Monday, January 11, 2016

SIR ALHAJI AHMADU BELLO, THE SARDAUNA OF SOKOTO: THE LEGEND (II)



      


ALH. SIR AHMADU BELLO kbe

     Hello dear Readers, I hope you all liked and enjoyed the previous episode which is the first episode and here comes the second episode, I hope you will also like it.
        In 1949, he made his debut in the Political arena and was elected a member of the Northern region House of Assembly. In quick Succession, he was a member of a constitutional Drafting Committee as one of the representatives of the North; a member of the Northern Regional Loans Board. In 1951, he joined the Northern Regional Government Executive Council as Minister of works and in a cabinet reshuffle in 1953, he became the Minister of Local Government and Community Development and was designated the leader of Government Business of the Northern Region. At the Nigeria Constitutional Conference held in London in 1953, he was the leader of the Northern delegation. In 1954, at the Party Convention in Jos, he was elected the President-General of the Northern Peoples Congress (NPC), the Political Party that was at the helm of affairs of the Government of the Government of the Federation up to the time our Independence. In the same year he assumed the Post of Premier of the Northern region. It was in 1955 that he first went on pilgrimage to Mecca, and thereafter the pilgrimage and the Umrah to the Holy Land became an unbroken annual event in the life of Sir Ahmadu Bello until his death. In 1957, there was another constitutional Conference in London and he led Northern Delegation. With the Achievement of self-Government in March 1959 he became the President of the Executive Council in the North. In the same year, he was knighted of the British Empire (KBE).
In 1960, he was elected Vice-President of the Ahmadu Bello University, the institution that he founded, nurtured and cherished. On 15th January, 1966 he suffered martyrdom at the hands of a gang of dissident Army Officers, in a senseless and treacherous coup d’etat that sowed the seeds of Political instability and retrogression in Nigeria, and led the nation into bloody Civil war.

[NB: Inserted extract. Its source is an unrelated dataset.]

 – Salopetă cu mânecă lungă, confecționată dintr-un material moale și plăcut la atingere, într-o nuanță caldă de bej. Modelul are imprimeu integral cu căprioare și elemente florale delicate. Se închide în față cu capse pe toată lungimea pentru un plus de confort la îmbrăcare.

With the death of Sir Ahmadu Bello, Nigeria lost a great patriot, a great statesman national hero and the North lost what no adequate words can describe. Suffice to say that it lost a legend, it lost its beacon of light and has left wandering in the wilderness for thirty years now without pilot or guide or shepherd. But Sir Ahmadu Bello left outstanding legacies which if we the inheritors of those legacies can apply or mite only a small fraction, our Peoples and our nation can make giant strides forward.
The Sardauna had Sterling Qualities far too many to mention. But it will be height of injustice and disservice to talk about his life and not to mention anything about his qualities, his dreams, his policies and some of his achievements.

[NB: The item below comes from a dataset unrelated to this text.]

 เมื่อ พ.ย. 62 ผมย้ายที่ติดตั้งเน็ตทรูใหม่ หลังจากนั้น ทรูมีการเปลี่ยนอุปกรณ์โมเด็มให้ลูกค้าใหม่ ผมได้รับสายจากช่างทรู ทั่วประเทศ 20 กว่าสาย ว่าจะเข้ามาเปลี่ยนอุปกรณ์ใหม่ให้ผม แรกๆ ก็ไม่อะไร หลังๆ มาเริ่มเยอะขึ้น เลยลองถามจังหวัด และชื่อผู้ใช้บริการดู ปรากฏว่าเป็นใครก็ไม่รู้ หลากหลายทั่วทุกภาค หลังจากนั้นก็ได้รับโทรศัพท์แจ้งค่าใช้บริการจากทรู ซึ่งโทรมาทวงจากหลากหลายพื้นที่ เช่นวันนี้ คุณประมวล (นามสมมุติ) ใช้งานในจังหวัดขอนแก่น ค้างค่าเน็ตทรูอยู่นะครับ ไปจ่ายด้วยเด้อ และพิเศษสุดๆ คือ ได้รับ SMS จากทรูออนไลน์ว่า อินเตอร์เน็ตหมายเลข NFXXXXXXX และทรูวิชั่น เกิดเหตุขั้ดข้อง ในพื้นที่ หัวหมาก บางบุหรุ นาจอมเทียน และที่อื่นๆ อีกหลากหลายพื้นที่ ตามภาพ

A Devout Muslim and a Champion of Religious Tolerance

Witness: The motto he chooses for the North was “work and worship”. In his Christmas message broadcast in 1959 he stated inter alias: “Here in the Northern Nigeria we have People of Many different races, tribes and religious who are knit together to common history, common interest and common ideas, the things that unite us are stronger than the things that divide us. I always remind people of our firmly rooted policy of religious tolerance. We have no intention of favouring one religion at the expense of another. Subject to the overriding need to preserve law and order, it is our determination that everyone should have absolute liberty to practice his belief according to the dictates of his conscience…”

Michael Audu Buba, Jolly Tanko Yusuf, George Uru Ohikere, Pastor David Obadiah lot, Peter Simon Achimugu, Ignatius Durlong, Sunday Awoniyi among others who were in his Government or in the public Service and work closely with him had the same treatment from him if not better then their Moslem counterparts. With Sardauna, what earned you more favours was your hard work, dedication to duty and honesty.

In the Process of undertaking the legal reforms of 1959 that involve the Sharia law, delegations were sent to Sudan, Libya and Pakistan. Peter Achimugu, a Christian, was included in the delegation that went to Libya and Pakistan..

A Progressive Reformist
Witness: The reforms and the democratization of the Native Authorities which were carried out during his time; a giant stride from Emirs-in-Council to Emirs-and Council; with outer Councils having as members, elected representatives of the people.

Witness: The launching of the Crash training programme at the Kano Medical Corps mooted in 1952-53 to produce doctors at a time when the North did not have more then a few indigenous doctors like  Dr. Ahmadu Rimi who rose to become a Major-General and Director-general of the Nigeria Army Medical Corps; the mounting of crash programmes in law and accountancy and the assistant District Officers (ADO’s) training programmes at the Institute of Administration Zaria.